▸ **To do**: Copy exactly and only the lines running from the one that contains "Premiumlage am Feldrand" to the final line of the data below, without the pictures.

▸ **Dataset records**:
■ ■ ■

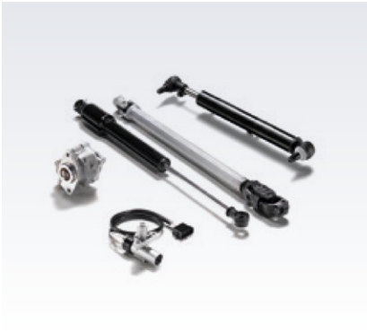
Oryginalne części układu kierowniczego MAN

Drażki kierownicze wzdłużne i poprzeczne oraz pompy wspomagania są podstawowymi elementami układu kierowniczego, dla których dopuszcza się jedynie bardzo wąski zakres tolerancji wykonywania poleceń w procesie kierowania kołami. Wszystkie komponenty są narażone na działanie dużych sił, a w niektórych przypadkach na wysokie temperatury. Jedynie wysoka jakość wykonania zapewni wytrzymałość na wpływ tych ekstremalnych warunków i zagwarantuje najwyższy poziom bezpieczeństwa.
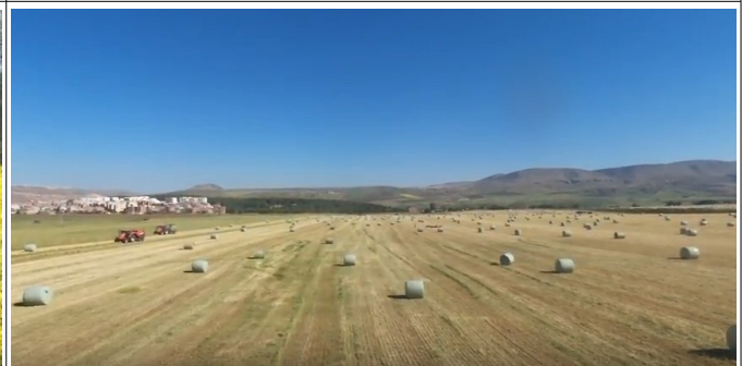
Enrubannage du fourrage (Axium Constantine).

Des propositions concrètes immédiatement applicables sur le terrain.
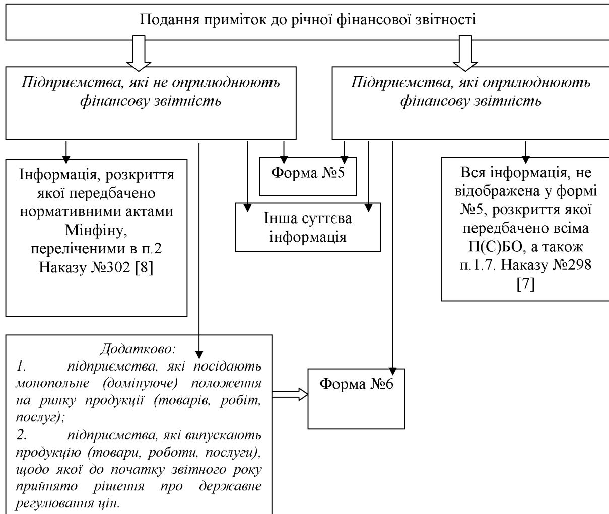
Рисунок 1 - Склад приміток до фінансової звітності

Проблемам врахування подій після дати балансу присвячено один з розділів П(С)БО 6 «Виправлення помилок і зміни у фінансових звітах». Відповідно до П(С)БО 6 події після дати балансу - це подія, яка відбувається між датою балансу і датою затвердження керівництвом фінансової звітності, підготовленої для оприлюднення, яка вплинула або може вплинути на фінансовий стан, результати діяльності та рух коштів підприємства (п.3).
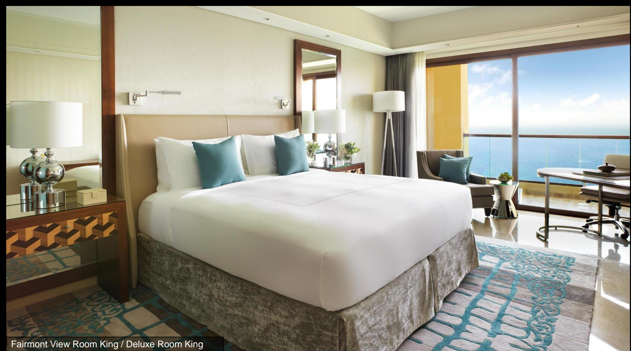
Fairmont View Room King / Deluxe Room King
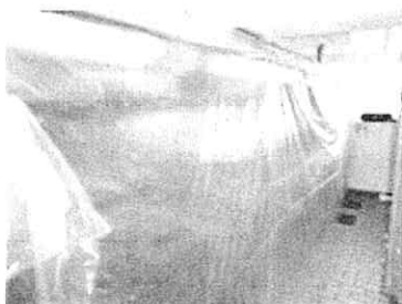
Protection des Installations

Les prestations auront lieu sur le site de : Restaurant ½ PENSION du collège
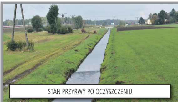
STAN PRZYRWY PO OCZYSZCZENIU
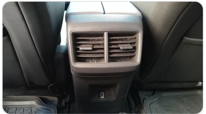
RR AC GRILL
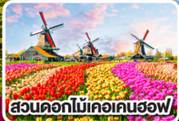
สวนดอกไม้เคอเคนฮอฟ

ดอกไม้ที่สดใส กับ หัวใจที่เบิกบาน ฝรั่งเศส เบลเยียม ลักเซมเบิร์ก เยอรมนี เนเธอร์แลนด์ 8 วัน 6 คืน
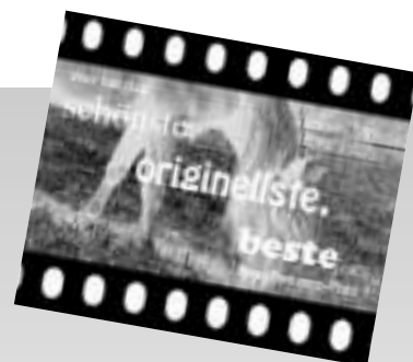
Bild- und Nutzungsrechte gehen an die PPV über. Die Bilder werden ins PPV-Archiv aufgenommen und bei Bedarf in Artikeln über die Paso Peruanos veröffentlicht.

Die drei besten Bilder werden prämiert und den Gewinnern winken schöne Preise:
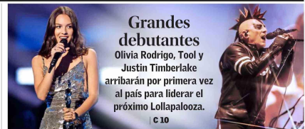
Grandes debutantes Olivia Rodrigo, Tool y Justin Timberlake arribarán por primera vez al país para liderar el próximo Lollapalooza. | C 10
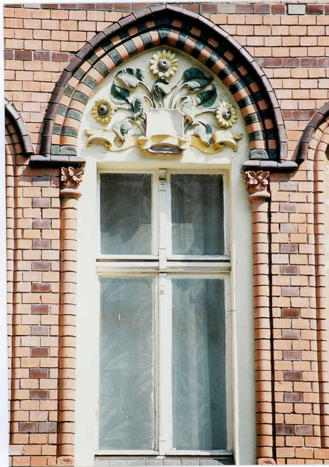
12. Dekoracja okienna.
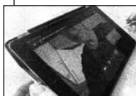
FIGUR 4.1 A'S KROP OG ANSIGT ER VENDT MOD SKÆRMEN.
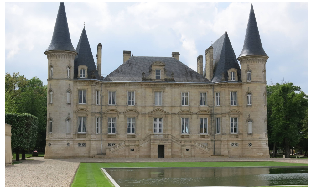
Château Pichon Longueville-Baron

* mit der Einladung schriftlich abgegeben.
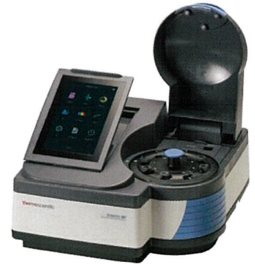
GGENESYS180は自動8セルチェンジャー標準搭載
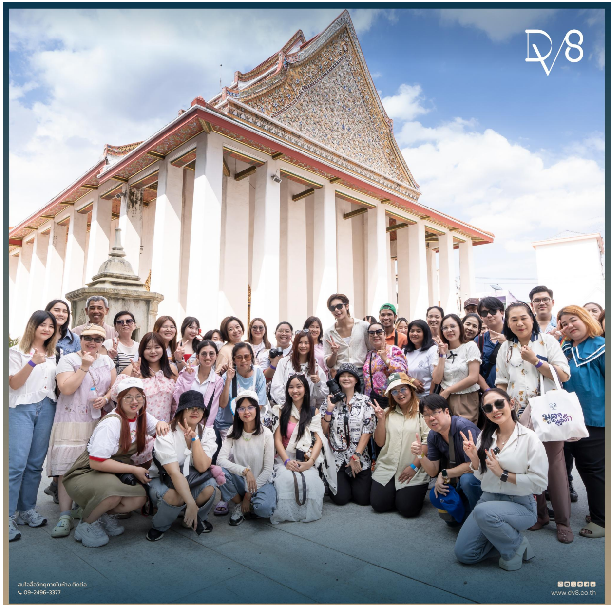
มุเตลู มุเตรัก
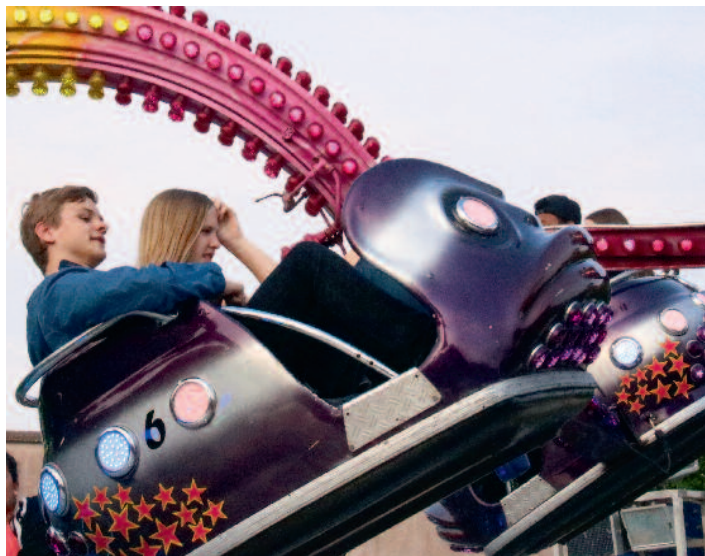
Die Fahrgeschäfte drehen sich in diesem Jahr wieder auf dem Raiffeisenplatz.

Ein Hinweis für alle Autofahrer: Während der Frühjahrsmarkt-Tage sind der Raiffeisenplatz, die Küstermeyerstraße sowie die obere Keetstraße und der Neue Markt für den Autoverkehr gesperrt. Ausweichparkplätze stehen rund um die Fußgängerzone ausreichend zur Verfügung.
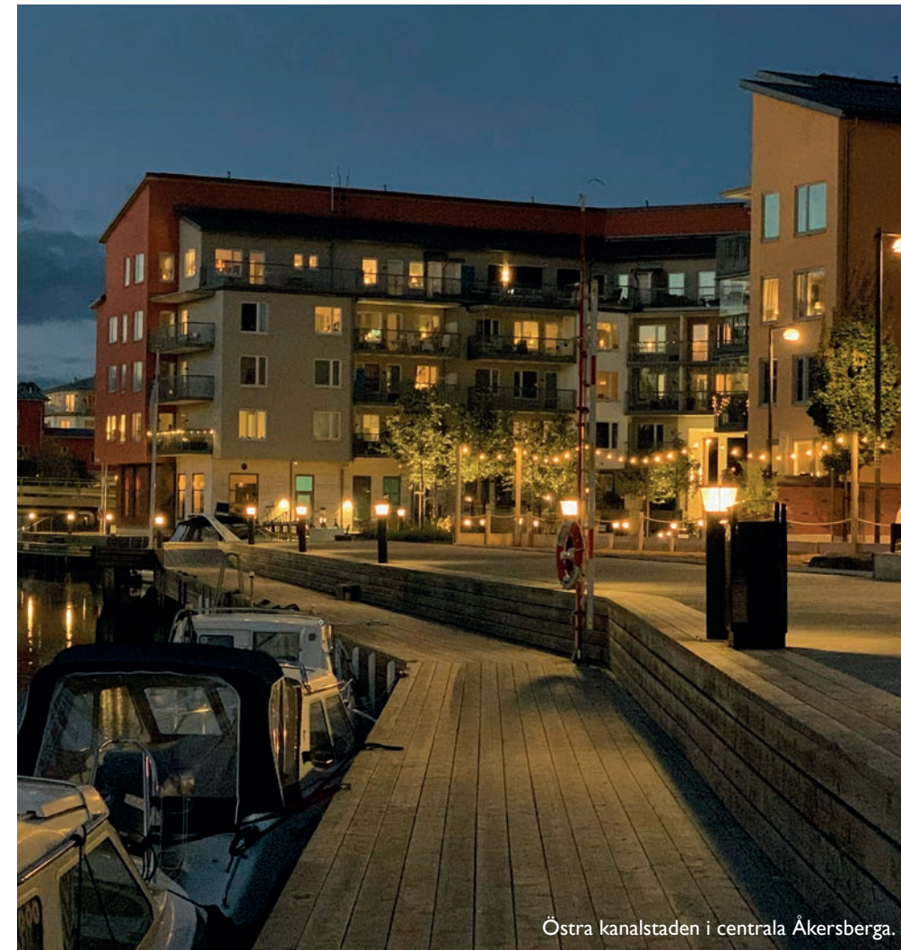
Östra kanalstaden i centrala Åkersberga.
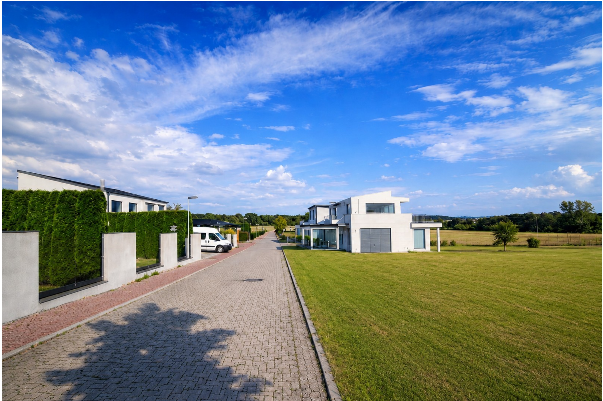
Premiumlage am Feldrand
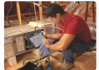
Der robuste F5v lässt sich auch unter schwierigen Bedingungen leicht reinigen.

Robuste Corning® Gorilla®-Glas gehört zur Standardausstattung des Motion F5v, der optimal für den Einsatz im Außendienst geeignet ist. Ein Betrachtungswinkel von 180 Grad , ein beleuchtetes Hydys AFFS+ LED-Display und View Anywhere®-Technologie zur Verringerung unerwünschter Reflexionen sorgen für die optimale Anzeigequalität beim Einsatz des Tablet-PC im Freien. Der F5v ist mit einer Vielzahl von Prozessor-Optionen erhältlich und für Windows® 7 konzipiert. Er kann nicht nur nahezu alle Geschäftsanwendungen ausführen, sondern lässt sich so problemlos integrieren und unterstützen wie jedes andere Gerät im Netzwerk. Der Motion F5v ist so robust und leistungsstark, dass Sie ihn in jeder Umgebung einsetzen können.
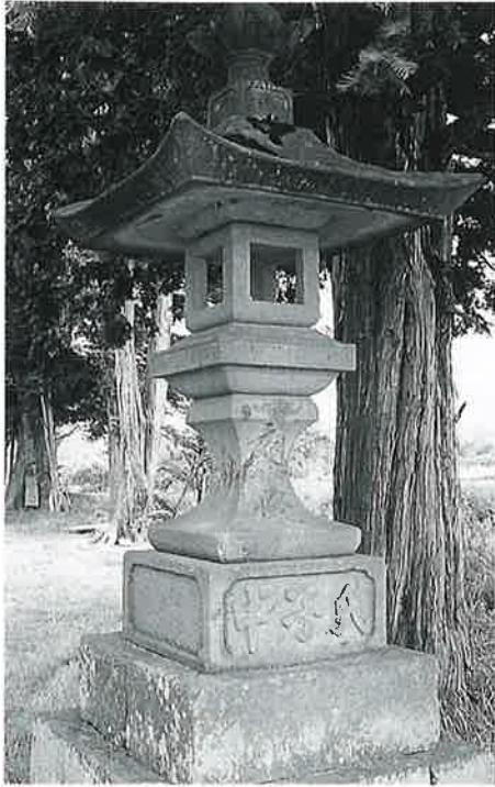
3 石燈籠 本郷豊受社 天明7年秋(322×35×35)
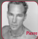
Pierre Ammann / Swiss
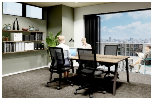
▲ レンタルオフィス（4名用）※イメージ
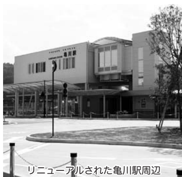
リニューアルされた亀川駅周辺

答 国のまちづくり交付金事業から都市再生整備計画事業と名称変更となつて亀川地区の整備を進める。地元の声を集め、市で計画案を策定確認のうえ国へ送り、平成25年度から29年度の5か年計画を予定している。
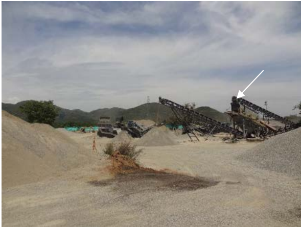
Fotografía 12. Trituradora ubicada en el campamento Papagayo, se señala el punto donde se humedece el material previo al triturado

■ ■ ■

▸ **Response box**:
Premiumlage am Feldrand
Der robuste F5v lässt sich auch unter schwierigen Bedingungen leicht reinigen.

Robuste Corning® Gorilla®-Glas gehört zur Standardausstattung des Motion F5v, der optimal für den Einsatz im Außendienst geeignet ist. Ein Betrachtungswinkel von 180 Grad , ein beleuchtetes Hydys AFFS+ LED-Display und View Anywhere®-Technologie zur Verringerung unerwünschter Reflexionen sorgen für die optimale Anzeigequalität beim Einsatz des Tablet-PC im Freien. Der F5v ist mit einer Vielzahl von Prozessor-Optionen erhältlich und für Windows® 7 konzipiert. Er kann nicht nur nahezu alle Geschäftsanwendungen ausführen, sondern lässt sich so problemlos integrieren und unterstützen wie jedes andere Gerät im Netzwerk. Der Motion F5v ist so robust und leistungsstark, dass Sie ihn in jeder Umgebung einsetzen können.
3 石燈籠 本郷豊受社 天明7年秋(322×35×35)
Pierre Ammann / Swiss
▲ レンタルオフィス（4名用）※イメージ
リニューアルされた亀川駅周辺

答 国のまちづくり交付金事業から都市再生整備計画事業と名称変更となつて亀川地区の整備を進める。地元の声を集め、市で計画案を策定確認のうえ国へ送り、平成25年度から29年度の5か年計画を予定している。
Fotografía 12. Trituradora ubicada en el campamento Papagayo, se señala el punto donde se humedece el material previo al triturado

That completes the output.